I fixed this problem by setting the batch size to num_images x 300, for instance if you're going to process 8 images at a time, set the batch size to 2400.

num_images = 8
trt_graph = trt.create_inference_graph(
    input_graph_def=tf.get_default_graph().as_graph_def(),
    outputs=output_node,
    max_batch_size=num_images * 300,
    max_workspace_size_bytes=1 << 25,
    precision_mode='FP16',  
    minimum_segment_size=50 
    )

On V100 the performance gain for FP16 was about 20%, I'm going to try INT8 next.

Tensorflow 1.13.1
TensorRT 5.0.2.6
CUDA/cuDNN: 10.0/7.4.1

alexkokh on 25 Apr 2019

👍2

This is because your batch size changed in your graph, you need to set para max_batch_size to the max batch size. for me, I have concat op in my graph so some of my op has 2*batch_size (32) of input(16).
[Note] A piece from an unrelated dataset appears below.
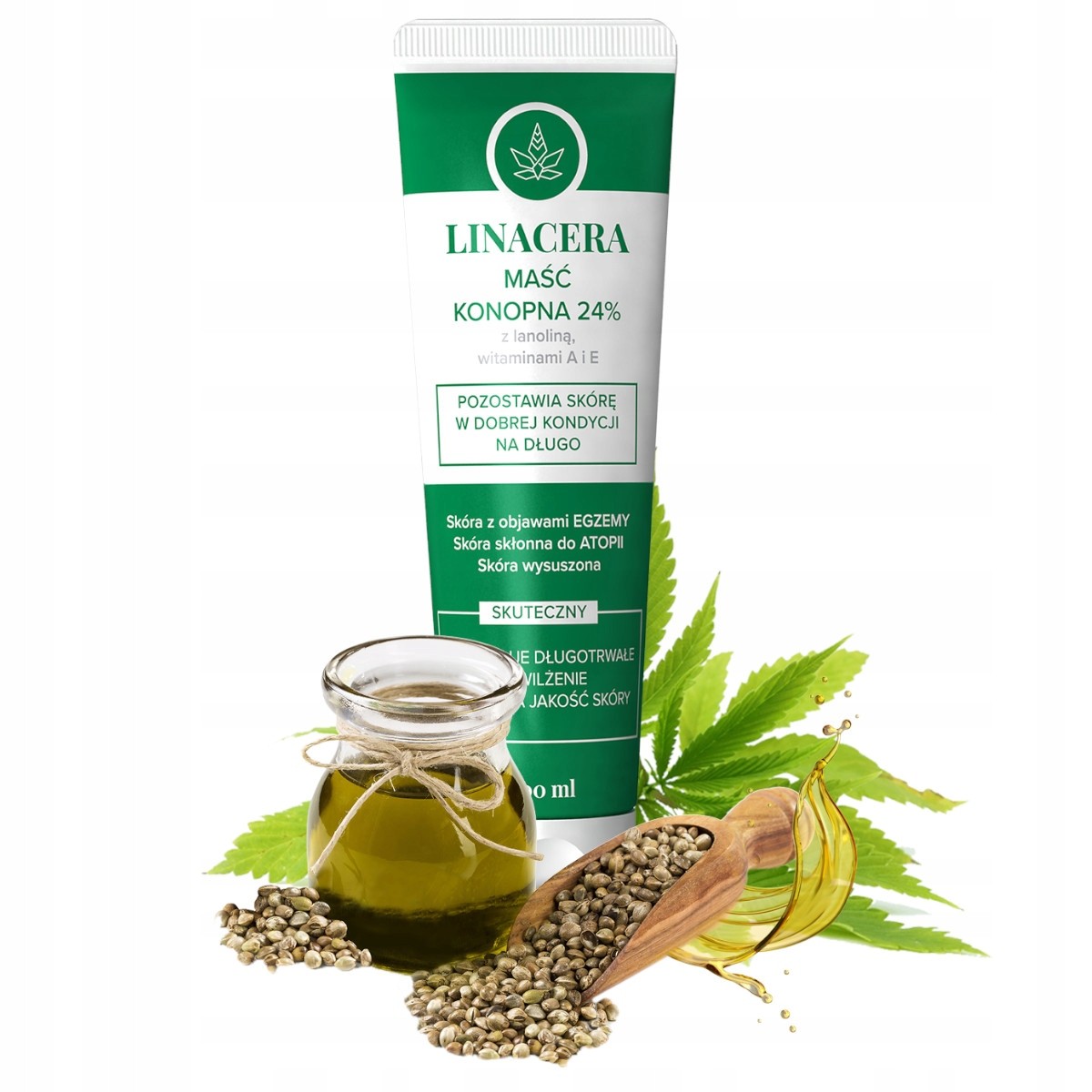 - Preparat Linacera MAŚĆ KONOPNA 24% stosujemy do skóry wymagającej nawilżenia i regeneracji. Zalecamy zarówno dla skóry suchej, skłonnej do atopii, jak i tej z objawami EGZEMY. Doskonale sprawdza się na także na popękanych piętach i skórkach. Produkt polecany jest do codziennego stosowania w celu zabezpieczenia naturalnej warstwy lipidowej skóry.

I set max_batch_size = 32, everything is ok

CLIsVeryOK on 24 Jul 2019

Hi There,
We are checking to see if you still need help on this, as this seems to be considerably old issue. Please update this issue with the latest information, code snippet to reproduce your issue and error you are seeing.
If we don't hear from you in the next 7 days, this issue will be closed automatically. If you don't need help on this issue any more, please consider closing this.